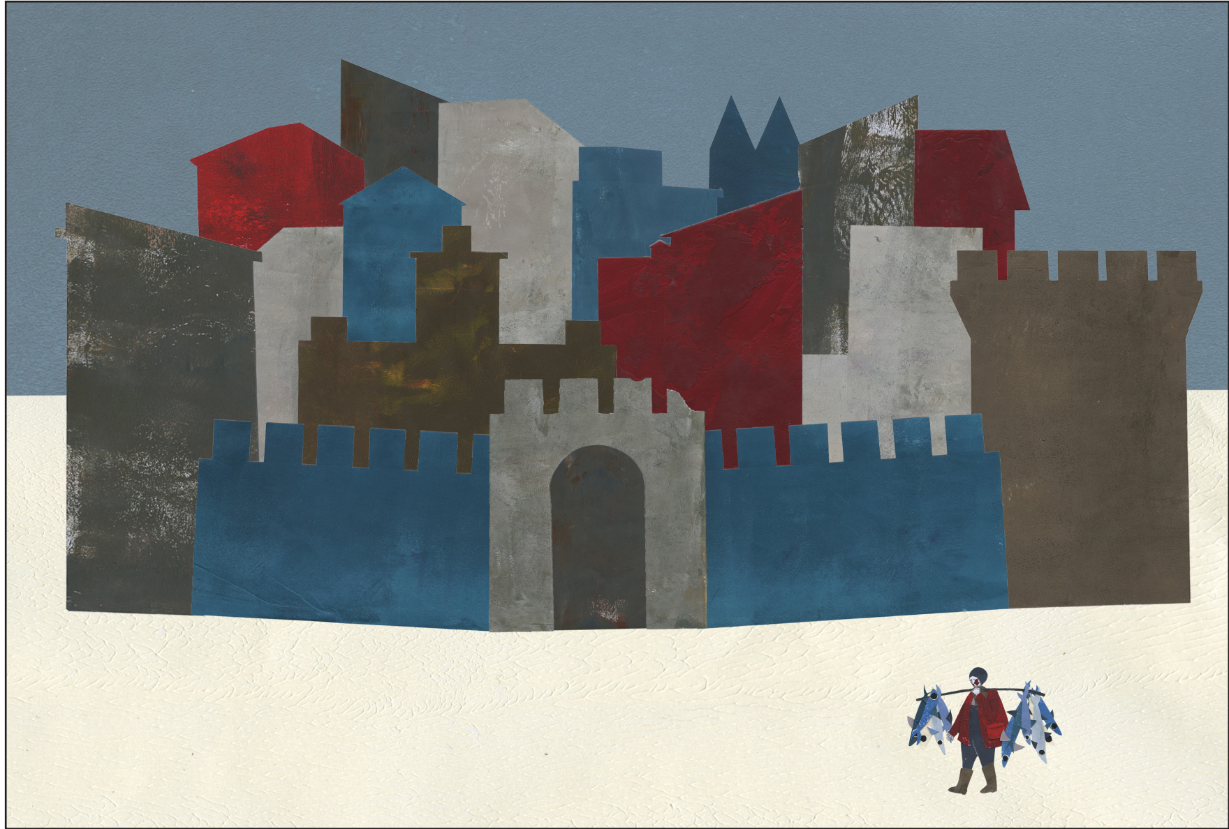
"Château avec pêcheur", 2023, technique collage, papier et digital, 32,90 x 48,30 cm
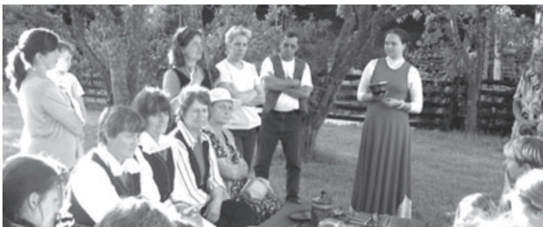
Soomra küla käsitööpäevadel.
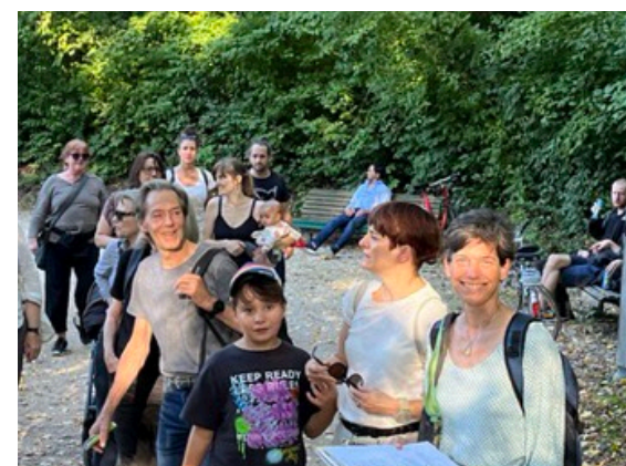
Der Irchel-Park ist Teil eines Vernetzungskorridors
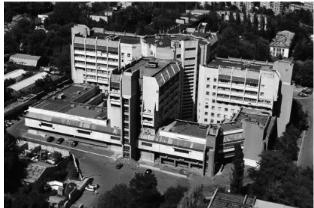
Рис. 1. Объект проектирования / Design object

каркасное здание сложной архитектурной формы (см. рис. 1). Здание хирургического корпуса состоит из девяти блоков «А, Б, В, Г, Д» (7 – 9 основных этажей плюс технический) и «Е, Ж, И, К» (2 – 3 основных этажа) (см. рис. 2). Под всем контуром здания размещен цокольный этаж и подвал. Под пристройками, соединяющими блоки, имеются сквозные проезды
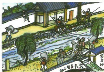
1925年頃 小阪・帝キネ映画撮影風景
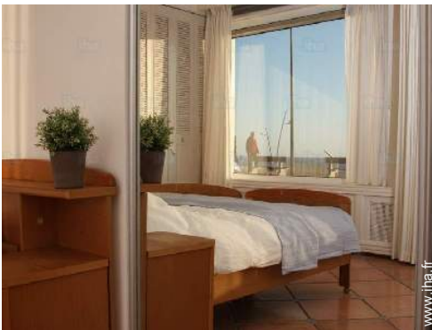
vue depuis la chambre
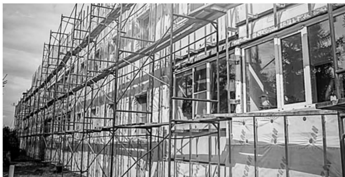
Дом уже на 40 процентов утеплен.

Региональная программа капитального ремонта в Алтайском крае реализуется уже четвертый год, все это время хозяйка квартир каждый ме-
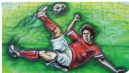
ציורי קיר מרהיבים
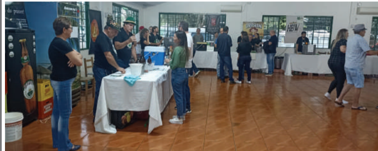
Festival da Cerveja Artesanal reuniu cervejeiros da região na sede do Oriental

TRÂNSITO INTERROMPIDO I - Das 8 às 18h, na Avenida Uruguai, trecho entre a rótula da Igreja Matriz Católica e a Rótula Willy Beckert, na terça-feira, dia 30. O motivo é a retirada de cabos e fiação da rede de internet e telefonia fixa sem uso que se acumulam ao longo da via pelas empresas que prestam esse serviço no município.
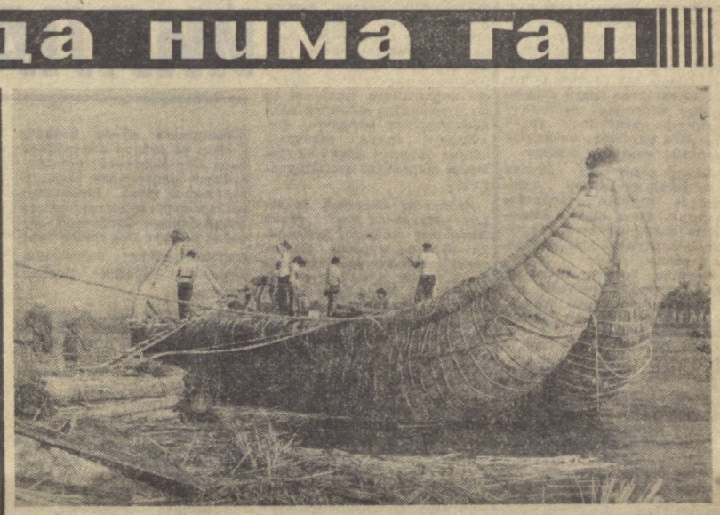
Норвегиллик машҳур олим ва сайёҳ Тур Хейердал бошим- лидаги интернационал эн- паининг «Тигрис» қанйиғидagi экспедицияси муваффақиятли

Польша металлургияси шу беш йилликнинг биринчи йилида 15,1 миллион тонна пулат эритган бўлса, бу йил улар халқ хўжалигига қандай 20,1 миллион тонна пулат бериш вазифа- сини ўз олдларига қўйди.
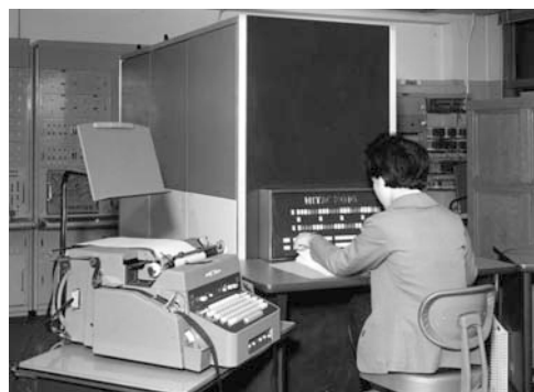
図-1 日立中央研究所三浦研究室で計算機制御の研究に使用中のHITAC 2010

日立では6月10日の会議で新機種をIBMと互換にする方針を決めたが、新機種までの繋ぎとして2010を発表するかどうかという問題が残った。得失半ばして決定が難しかったが、11月になってコンピュータ事業部長滝田勝三が、2010の試作は完成するが、製品化はしな
——
* About this task
Starting at the line with "каркасное здание сложной" and finishing at the line with "Региональная программа капитального", copy the material above exactly, both lines included. Nothing else goes in, and no pictures.

* Problem solution
каркасное здание сложной архитектурной формы (см. рис. 1). Здание хирургического корпуса состоит из девяти блоков «А, Б, В, Г, Д» (7 – 9 основных этажей плюс технический) и «Е, Ж, И, К» (2 – 3 основных этажа) (см. рис. 2). Под всем контуром здания размещен цокольный этаж и подвал. Под пристройками, соединяющими блоки, имеются сквозные проезды
1925年頃 小阪・帝キネ映画撮影風景
vue depuis la chambre
Дом уже на 40 процентов утеплен.

Региональная программа капитального ремонта в Алтайском крае реализуется уже четвертый год, все это время хозяйка квартир каждый ме-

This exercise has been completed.